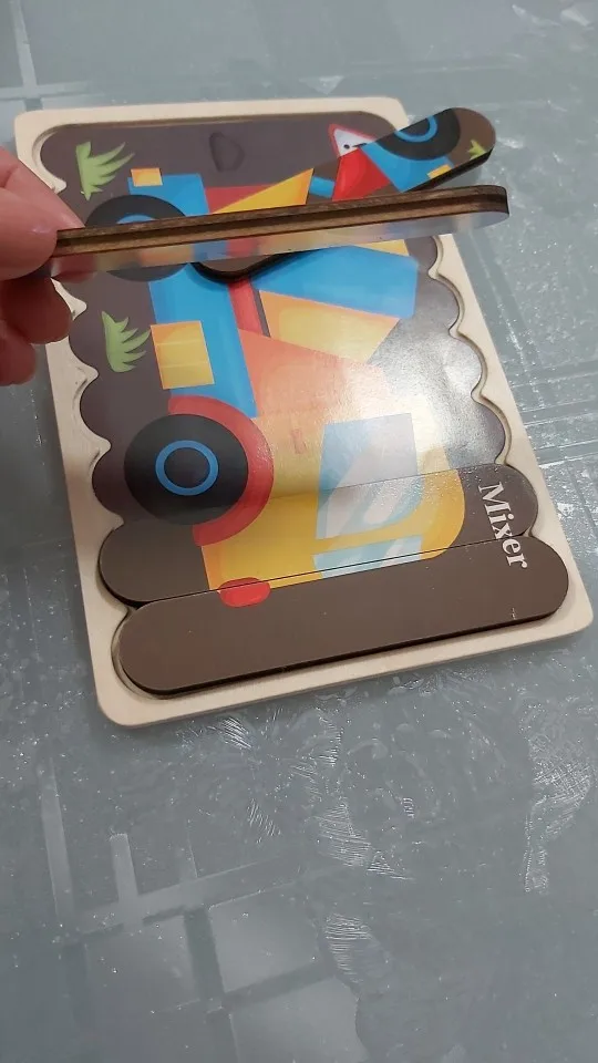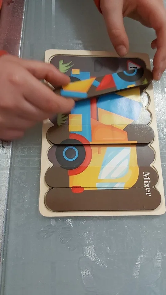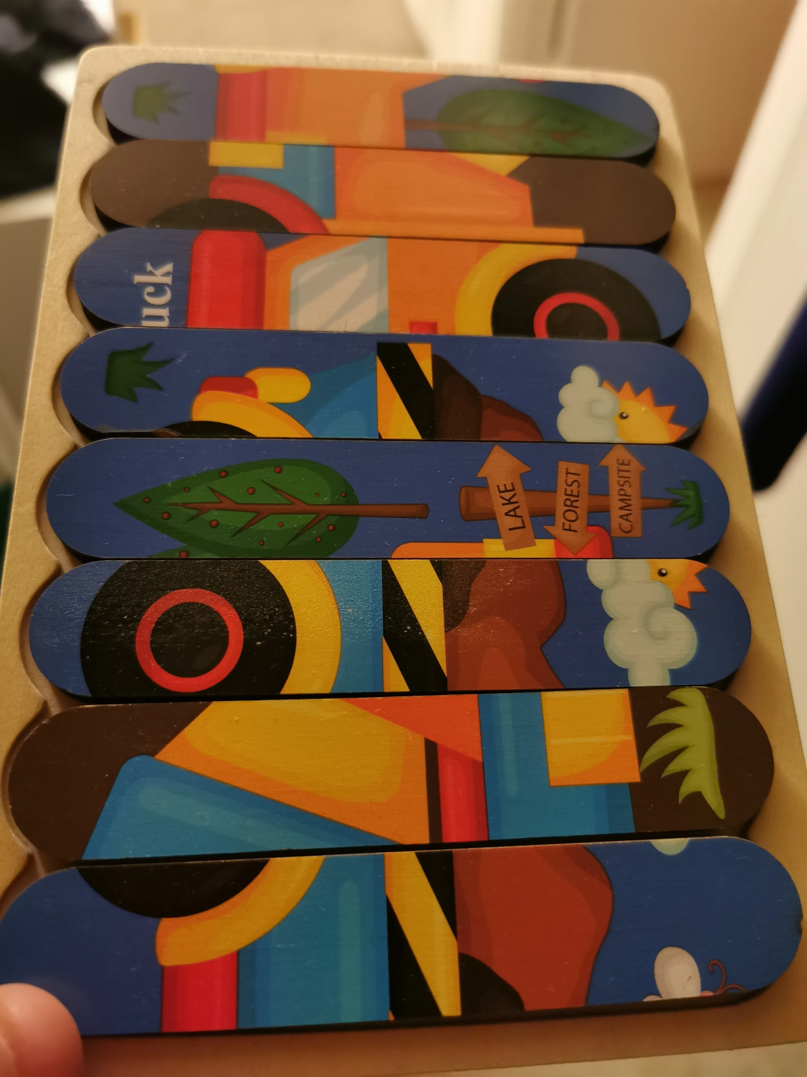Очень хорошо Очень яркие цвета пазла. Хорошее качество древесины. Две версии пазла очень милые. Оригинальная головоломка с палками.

##############################

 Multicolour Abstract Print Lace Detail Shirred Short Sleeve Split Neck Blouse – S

##############################

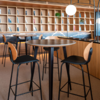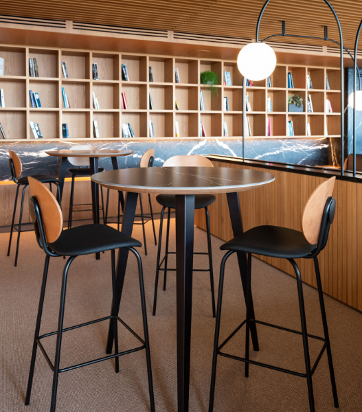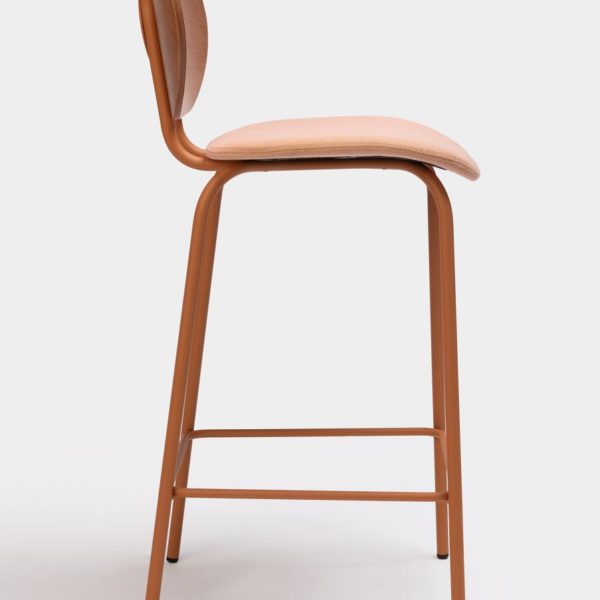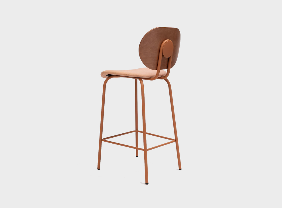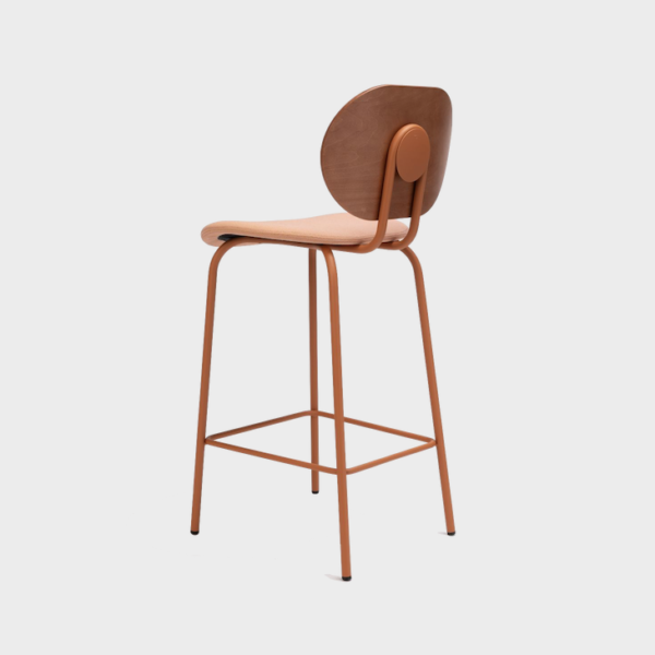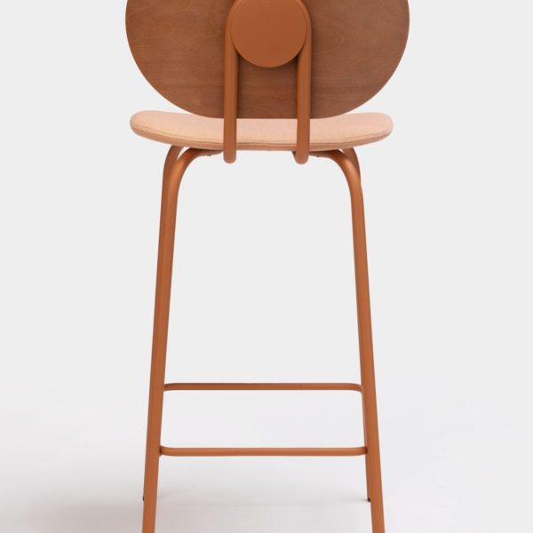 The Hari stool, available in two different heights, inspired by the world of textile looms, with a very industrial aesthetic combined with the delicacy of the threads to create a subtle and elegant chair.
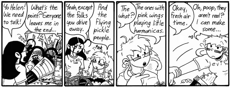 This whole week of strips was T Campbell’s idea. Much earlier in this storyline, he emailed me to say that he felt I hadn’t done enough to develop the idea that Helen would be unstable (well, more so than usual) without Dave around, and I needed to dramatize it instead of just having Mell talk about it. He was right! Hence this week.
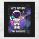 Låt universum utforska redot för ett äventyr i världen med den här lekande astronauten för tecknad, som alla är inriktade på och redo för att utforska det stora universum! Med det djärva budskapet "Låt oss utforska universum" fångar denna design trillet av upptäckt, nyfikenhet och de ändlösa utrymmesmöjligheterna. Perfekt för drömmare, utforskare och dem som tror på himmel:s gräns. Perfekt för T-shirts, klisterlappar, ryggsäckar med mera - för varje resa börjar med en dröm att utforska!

##############################

Instructions to follow - Go back to the lines above and output, exactly as they stand, the ones from the line containing "This whole week" to the line containing "Låt universum utforska". Leave all pictures behind.

Exercise output -
 This whole week of strips was T Campbell’s idea. Much earlier in this storyline, he emailed me to say that he felt I hadn’t done enough to develop the idea that Helen would be unstable (well, more so than usual) without Dave around, and I needed to dramatize it instead of just having Mell talk about it. He was right! Hence this week.
 Låt universum utforska redot för ett äventyr i världen med den här lekande astronauten för tecknad, som alla är inriktade på och redo för att utforska det stora universum! Med det djärva budskapet "Låt oss utforska universum" fångar denna design trillet av upptäckt, nyfikenhet och de ändlösa utrymmesmöjligheterna. Perfekt för drömmare, utforskare och dem som tror på himmel:s gräns. Perfekt för T-shirts, klisterlappar, ryggsäckar med mera - för varje resa börjar med en dröm att utforska!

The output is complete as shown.